TASK DESCRIPTION:
Look through the data below for the line with "Elegante lámpara de", and transcribe it exactly together with each line after it up to and including the line with "Du suchst dir". Give nothing else.

INFORMATION PROVIDED:

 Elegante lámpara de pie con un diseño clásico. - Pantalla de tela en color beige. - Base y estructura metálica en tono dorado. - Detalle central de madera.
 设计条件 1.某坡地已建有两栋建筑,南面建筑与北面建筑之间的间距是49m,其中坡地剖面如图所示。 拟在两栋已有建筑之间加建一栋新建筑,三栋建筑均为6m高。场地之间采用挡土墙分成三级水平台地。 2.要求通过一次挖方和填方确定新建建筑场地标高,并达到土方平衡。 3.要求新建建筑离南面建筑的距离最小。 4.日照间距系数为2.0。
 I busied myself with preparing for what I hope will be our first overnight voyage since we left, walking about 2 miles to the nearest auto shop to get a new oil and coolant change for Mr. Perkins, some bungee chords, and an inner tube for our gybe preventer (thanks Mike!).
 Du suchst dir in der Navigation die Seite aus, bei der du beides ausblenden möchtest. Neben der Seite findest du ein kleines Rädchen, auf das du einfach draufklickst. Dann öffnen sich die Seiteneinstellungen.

==

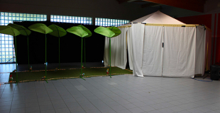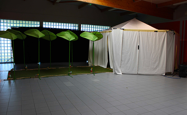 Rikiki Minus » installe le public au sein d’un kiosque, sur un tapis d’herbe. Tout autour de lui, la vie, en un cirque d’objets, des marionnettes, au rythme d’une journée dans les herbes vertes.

...

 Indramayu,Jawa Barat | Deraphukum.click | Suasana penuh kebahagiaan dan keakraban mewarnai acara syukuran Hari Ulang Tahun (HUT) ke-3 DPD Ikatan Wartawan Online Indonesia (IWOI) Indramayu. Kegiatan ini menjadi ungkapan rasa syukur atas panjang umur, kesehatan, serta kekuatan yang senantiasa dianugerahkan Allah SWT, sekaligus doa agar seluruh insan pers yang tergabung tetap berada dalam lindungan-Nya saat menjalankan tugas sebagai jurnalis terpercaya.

RESULT OF THIS EXERCISE:
 Elegante lámpara de pie con un diseño clásico. - Pantalla de tela en color beige. - Base y estructura metálica en tono dorado. - Detalle central de madera.
 设计条件 1.某坡地已建有两栋建筑,南面建筑与北面建筑之间的间距是49m,其中坡地剖面如图所示。 拟在两栋已有建筑之间加建一栋新建筑,三栋建筑均为6m高。场地之间采用挡土墙分成三级水平台地。 2.要求通过一次挖方和填方确定新建建筑场地标高,并达到土方平衡。 3.要求新建建筑离南面建筑的距离最小。 4.日照间距系数为2.0。
 I busied myself with preparing for what I hope will be our first overnight voyage since we left, walking about 2 miles to the nearest auto shop to get a new oil and coolant change for Mr. Perkins, some bungee chords, and an inner tube for our gybe preventer (thanks Mike!).
 Du suchst dir in der Navigation die Seite aus, bei der du beides ausblenden möchtest. Neben der Seite findest du ein kleines Rädchen, auf das du einfach draufklickst. Dann öffnen sich die Seiteneinstellungen.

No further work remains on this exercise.